The downside to the program is exclusivity. While your e-book is enrolled in KDP Select, it can’t be available anywhere else—not for sale, not for free. (This refers to e-book only.) So, each author has to consider how this might affect their sales. In my case, so far, 85% of my e-book sales have come through Amazon. Since the free Kindle app is available for PC, Mac, most Smartphones, and the iPad, the KDP Select exclusivity eliminates mostly those who own the Nook reader.

So there you go, my essay on how I spent the last five days. What have you been up to?

A lack of ideas is not the problem

Last night, during a phone conversation with my youngest sister, she asked what I’m writing now. My answer was, “Nothing.” Her response, “Do you want me to give you some ideas?” You can probably guess my answer.

I don’t have a lack of ideas. I have a file full of story ideas, some with opening lines or paragraphs, and maybe the ending. Unlike for many of you, it’s not even a lack of time that keeps me from developing those ideas. I have plenty of that.

It’s also not a lack of motivation keeping those stories unwritten. To be a successful self-published author, you need to put out good work often, at least until you’ve built up a reasonably sized back catalogue. That’s serious motivation.

I’m just waiting on that spark of inspiration. Wait! Don’t roll your eyes. I know the only way to write is to write. I know writing is work. Hard work. I know you have to get your butt in the chair and your fingers on the keyboard. But for me, a lot has to happen before I get to that point.

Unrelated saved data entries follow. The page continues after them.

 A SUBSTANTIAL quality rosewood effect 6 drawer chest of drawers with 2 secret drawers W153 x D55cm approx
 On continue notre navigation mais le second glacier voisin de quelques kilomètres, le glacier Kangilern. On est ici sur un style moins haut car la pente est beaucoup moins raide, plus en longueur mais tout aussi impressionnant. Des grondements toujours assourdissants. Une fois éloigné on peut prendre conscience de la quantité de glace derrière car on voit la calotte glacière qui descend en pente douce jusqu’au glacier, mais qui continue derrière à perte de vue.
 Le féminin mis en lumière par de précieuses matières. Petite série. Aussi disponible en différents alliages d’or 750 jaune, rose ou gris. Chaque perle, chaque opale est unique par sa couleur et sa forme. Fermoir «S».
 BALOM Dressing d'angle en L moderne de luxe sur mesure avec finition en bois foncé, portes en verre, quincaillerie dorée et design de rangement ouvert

Yes, I could review the notes I’ve made on one of these ideas and just start typing. I might get something solid—a paragraph of narrative, a bit of dialogue—but I’d also get a lot of garbage. I get impatient—overwhelmed—by garbage. I’m lazy. For me, it’s too much work to cull the few salvable bits from the reams of dross. That’s why I can’t participate in NaNoWriMo.

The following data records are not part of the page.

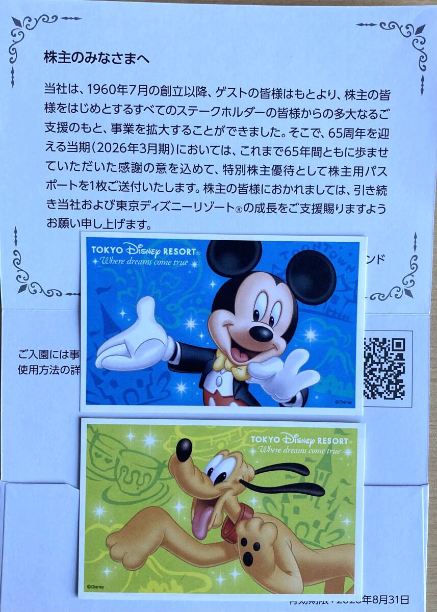 東京ディズニーリゾート共通券 株主用パスポート 2枚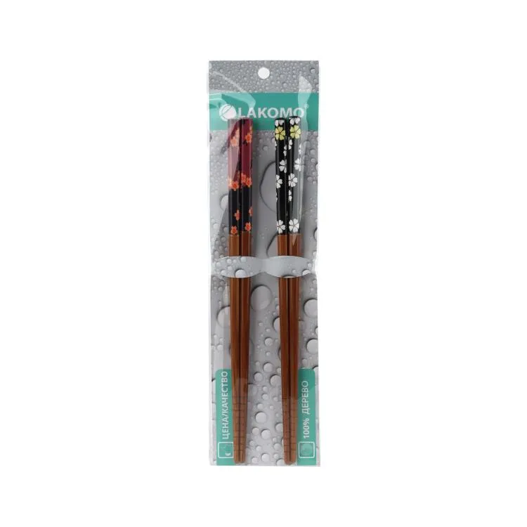 Набор китайских палочек из дерева включает в себя 2 парs, каждая из которых отличается по цветочному принту, добавляя яркости и индивидуальности каждому приему пищи. Эти многоразовые столовые приборы идеально подходят для суши и роллов, а также для других блюд азиатской кухни. Прочные и удобные в использовании, эти палочки станут незаменимым аксессуаром на вашей кухне.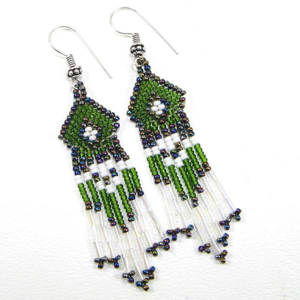 Handmade Beaded Green Seed Bead Earrings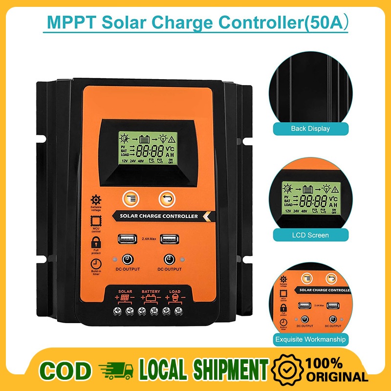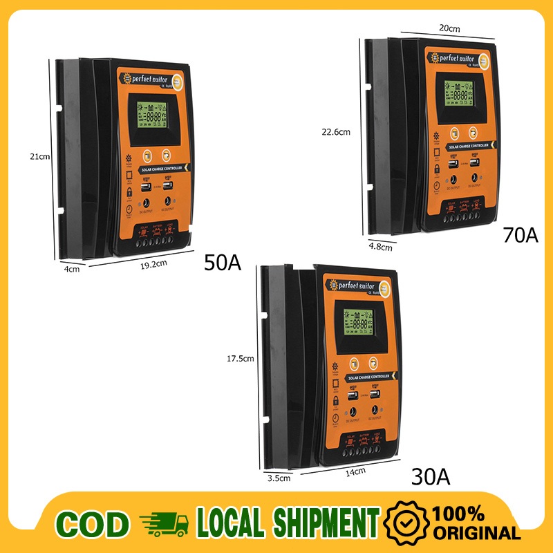 30A 50A 70A Solar Charge Solar Panel Controller 12V/24V Adjustable LCD Display Battery Regulator Dual USB Port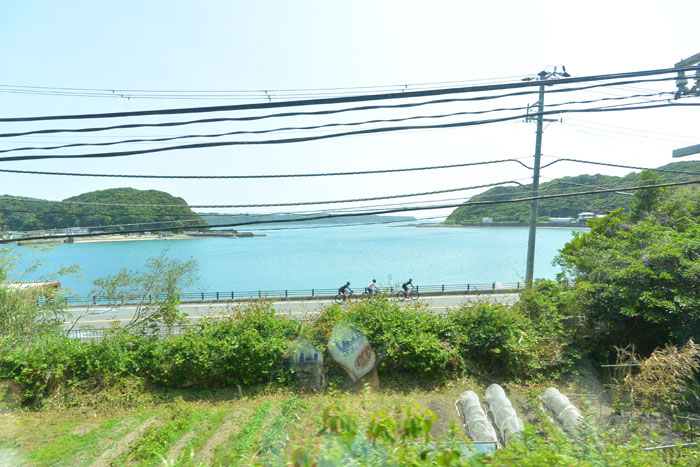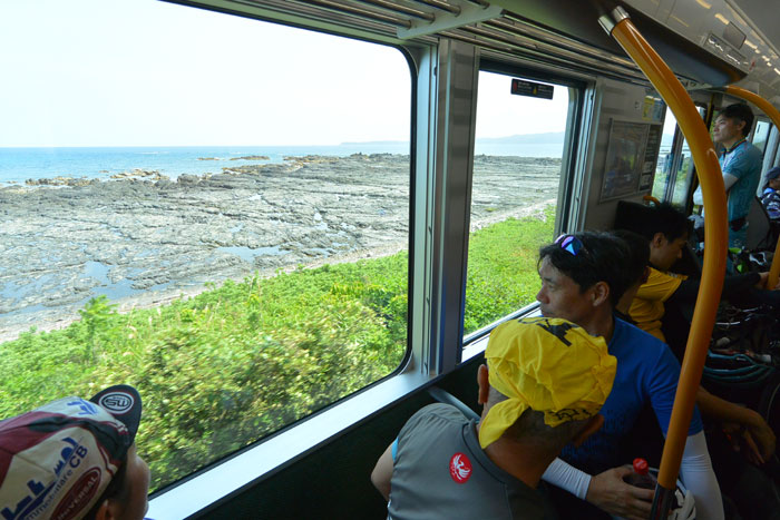 車窓からはきれいな海が見え、そして全工程を走っているサイクリストの姿も見え、手を振りあったりととてもいい雰囲気でした。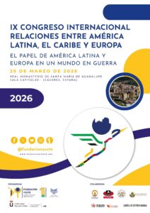 The European and Ibero-American Academy of Yuste Foundation, the University of Extremadura (UEx), and the Centre for Research on Ibero-American Studies at Rey Juan Carlos University (CEIB-URJC) announce the 9TH INTERNATIONAL CONGRESS ON RELATIONS BETWEEN LATIN AMERICA, THE CARIBBEAN AND EUROPE, entitled “THE ROLE OF LATIN AMERICA AND EUROPE IN A WORLD AT WAR”, which will be held in Guadalupe (Cáceres) on 25 March 2026.

I think one of the hardest things for me as a beginning writers was to discover what method to use. Some authors write longhand on paper. Some write, then rewrite starting from scratch. Others plan out their entire story in detail before they write the first word. Still others, keep writing to the end of a draft without even a glance back at what they’ve previously written. It took me awhile to discover none of those worked best for me.

As I began writing this post, I had a particular short story niggling at my brain. I’ve been stuck writing it because I need to make a decision about the villain. However, halfway through writing this post, another story came to mind. It’s one I wrote almost seven years ago, but never felt satisfied with. I don’t know why it resurfaced now, but suddenly I have an idea how to revise it. I’m excited to get to work. My Muse will sort out that villain another day.

Be ready. You never know when inspiration will inspire strike.